Britain’s economy to shrink in 2012: NIESR
03 Feb 2012
Britain's economy has entered a mild recession and would shrink in 2012, says a leading think-tank in a report released today, calling on the government to boost near-term spending in a bid to prevent long-term damage from higher unemployment.
The National Institute of Economic and Social Research (NIESR) projected a GDP drop of 0.1 per cent this year as the unresolved euro crisis weighed on export prospects and business confidence.
The institute sees the unemployment rate increasing to 9.1 per cent, and has warned that even the expected recovery from 2013 onwards might not suffice to get unemployment back to its pre-crisis level, which would create higher structural unemployment.
Britain was risking "significant long-term economic and social damage" without measures to boost job creation, according to NIESR's director Jonathan Portes, who said the government would have enough room to hike spending in infrastructure projects in the near-term without harming Britain's credibility as a debtor, Portes said.

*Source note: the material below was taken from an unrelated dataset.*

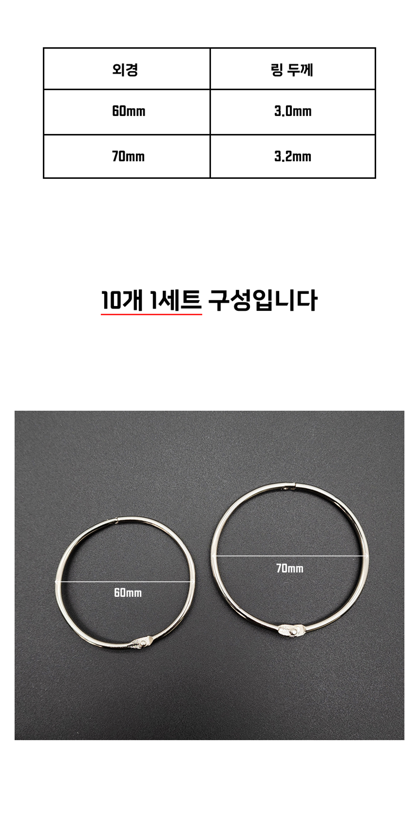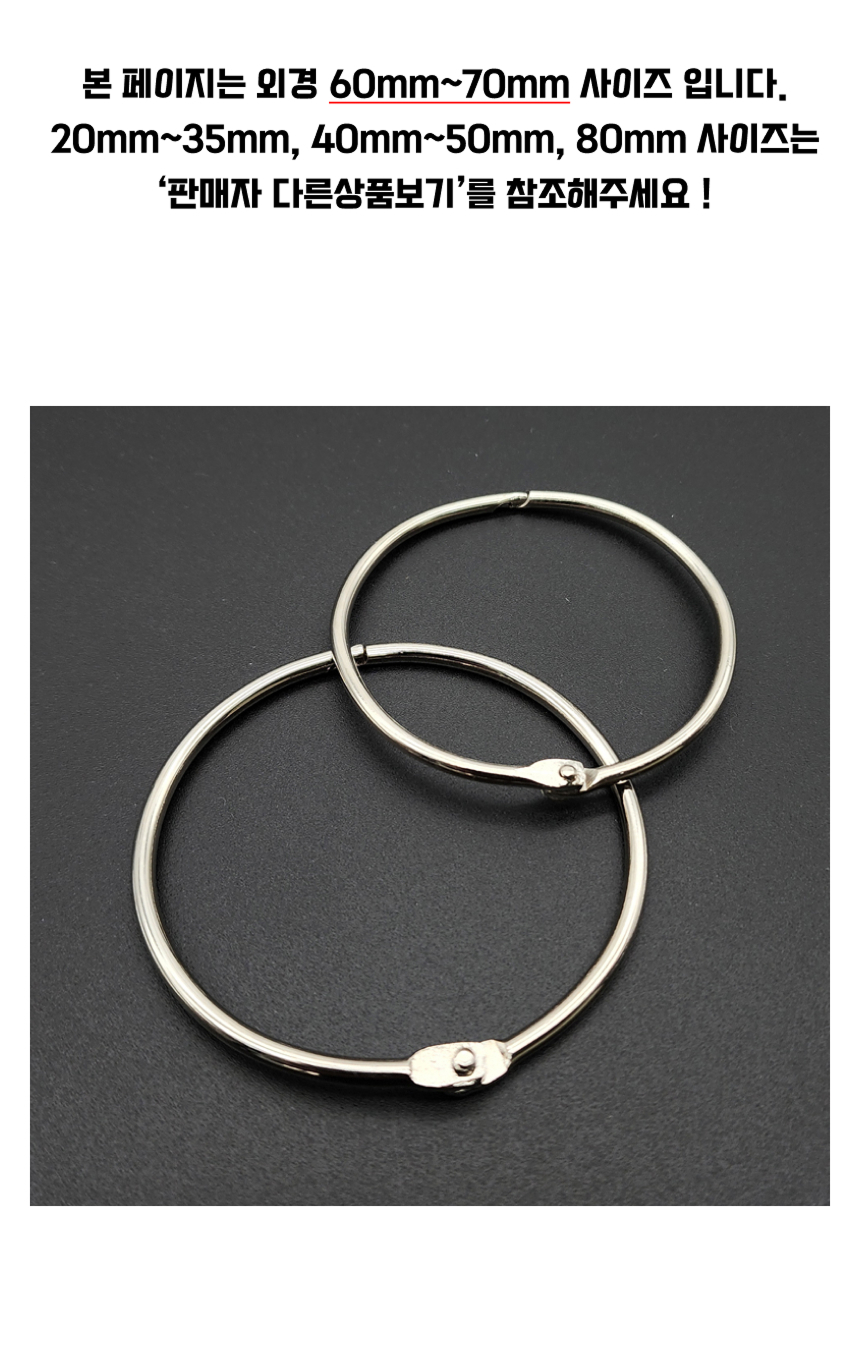책철 단어 카드 링 고리 링바인더 대형 60mm 70mm 10P

The institute has long been calling on the government to ease its austerity drive. According to the report, debt-financed investment spending of around £15 billion would reduce the expected unemployment rate by 0.3 percentage points.

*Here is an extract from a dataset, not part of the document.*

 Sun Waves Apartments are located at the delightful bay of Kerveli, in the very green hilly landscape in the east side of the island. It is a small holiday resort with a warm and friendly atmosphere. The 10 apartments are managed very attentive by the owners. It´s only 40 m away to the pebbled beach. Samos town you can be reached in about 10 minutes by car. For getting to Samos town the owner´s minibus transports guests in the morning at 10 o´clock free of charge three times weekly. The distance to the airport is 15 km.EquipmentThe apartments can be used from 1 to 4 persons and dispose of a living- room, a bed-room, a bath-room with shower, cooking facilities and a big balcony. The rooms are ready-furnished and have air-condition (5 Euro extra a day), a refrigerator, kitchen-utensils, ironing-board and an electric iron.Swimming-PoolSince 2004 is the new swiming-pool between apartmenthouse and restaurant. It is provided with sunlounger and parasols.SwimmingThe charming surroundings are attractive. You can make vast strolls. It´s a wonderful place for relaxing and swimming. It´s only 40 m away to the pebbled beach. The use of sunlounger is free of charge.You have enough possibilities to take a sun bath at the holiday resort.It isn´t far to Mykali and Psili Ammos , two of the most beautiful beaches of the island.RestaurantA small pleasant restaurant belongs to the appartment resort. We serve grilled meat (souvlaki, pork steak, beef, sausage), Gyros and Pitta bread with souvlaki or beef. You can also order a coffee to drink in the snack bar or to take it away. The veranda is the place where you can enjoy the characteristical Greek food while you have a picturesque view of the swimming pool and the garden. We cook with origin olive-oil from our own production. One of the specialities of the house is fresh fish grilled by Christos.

"The credible commitment to a sustainable fiscal policy over the longer term provides the government with the flexibility to provide a clearly defined and temporary boost to near-term demand," the institute said. On Wednesday, fiscal policy think-tank Institute of Fiscal Studies (IFS) said the case for government stimulus had grown, noting however, the risk that spending financed through extra borrowing might hurt market confidence and drive up borrowing costs.